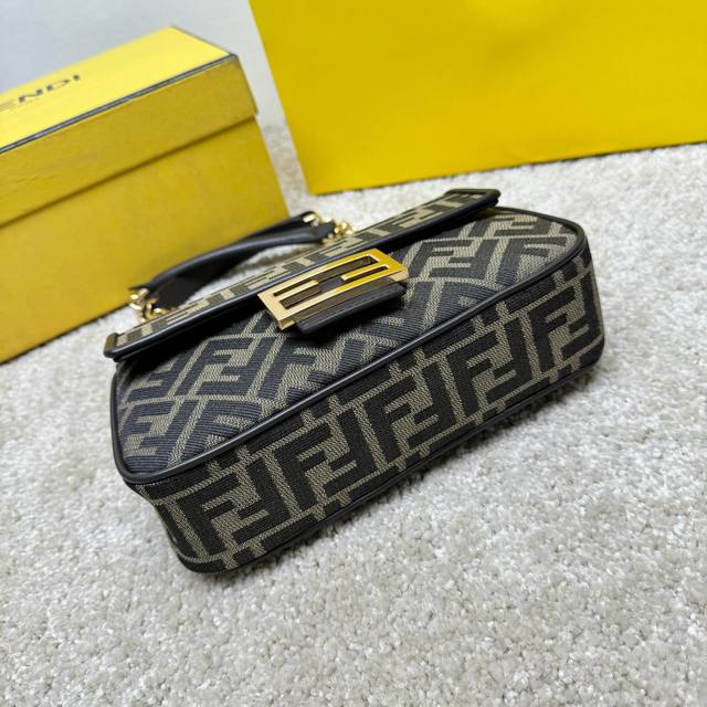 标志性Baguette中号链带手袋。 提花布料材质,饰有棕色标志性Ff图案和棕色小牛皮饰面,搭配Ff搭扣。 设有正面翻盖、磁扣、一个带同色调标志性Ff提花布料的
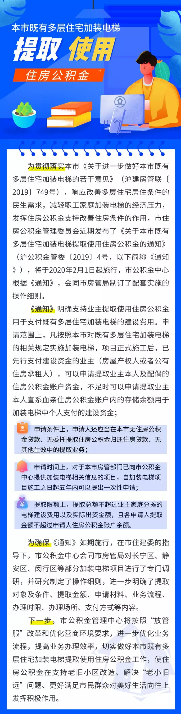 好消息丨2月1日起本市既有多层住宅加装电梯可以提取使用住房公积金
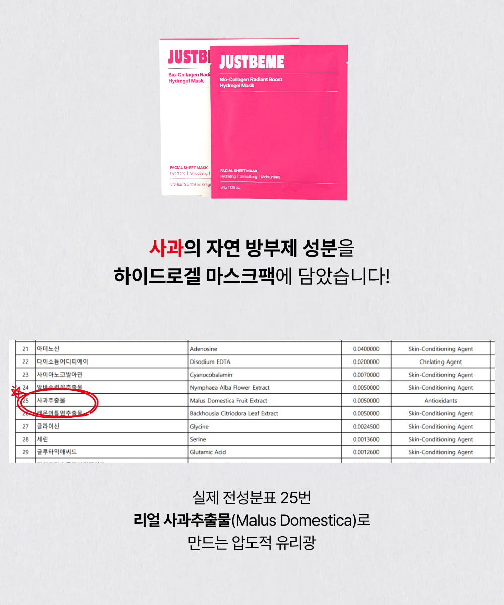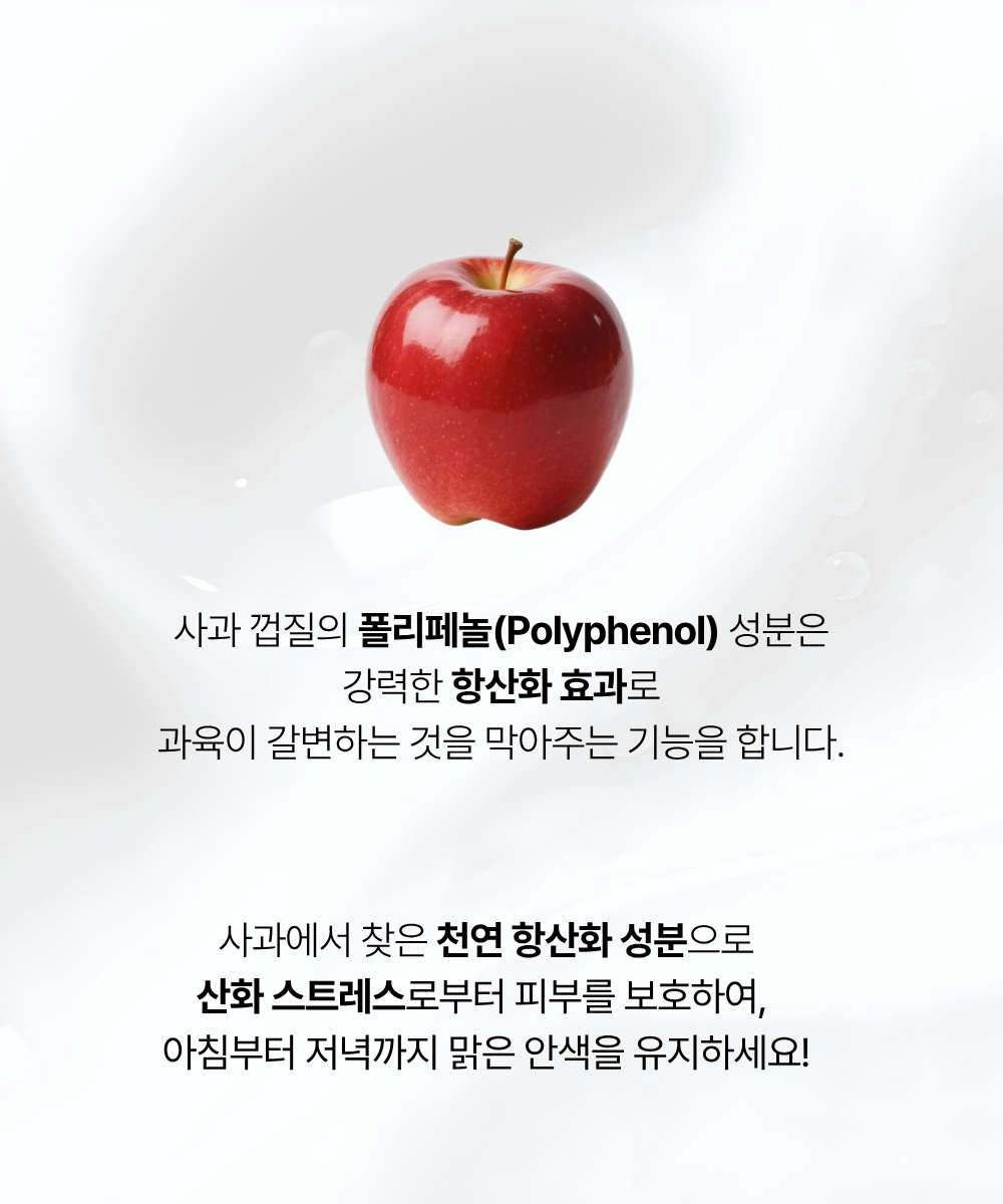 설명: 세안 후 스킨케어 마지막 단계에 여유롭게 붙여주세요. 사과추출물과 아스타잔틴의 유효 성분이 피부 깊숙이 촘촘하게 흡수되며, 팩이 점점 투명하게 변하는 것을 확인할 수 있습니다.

-=-=-

Task prompt:
Only the text of the listing above is copied, exactly as written; its pictures are dropped.

Expected answer:
 标志性Baguette中号链带手袋。 提花布料材质,饰有棕色标志性Ff图案和棕色小牛皮饰面,搭配Ff搭扣。 设有正面翻盖、磁扣、一个带同色调标志性Ff提花布料的
 好消息丨2月1日起本市既有多层住宅加装电梯可以提取使用住房公积金
 설명: 세안 후 스킨케어 마지막 단계에 여유롭게 붙여주세요. 사과추출물과 아스타잔틴의 유효 성분이 피부 깊숙이 촘촘하게 흡수되며, 팩이 점점 투명하게 변하는 것을 확인할 수 있습니다.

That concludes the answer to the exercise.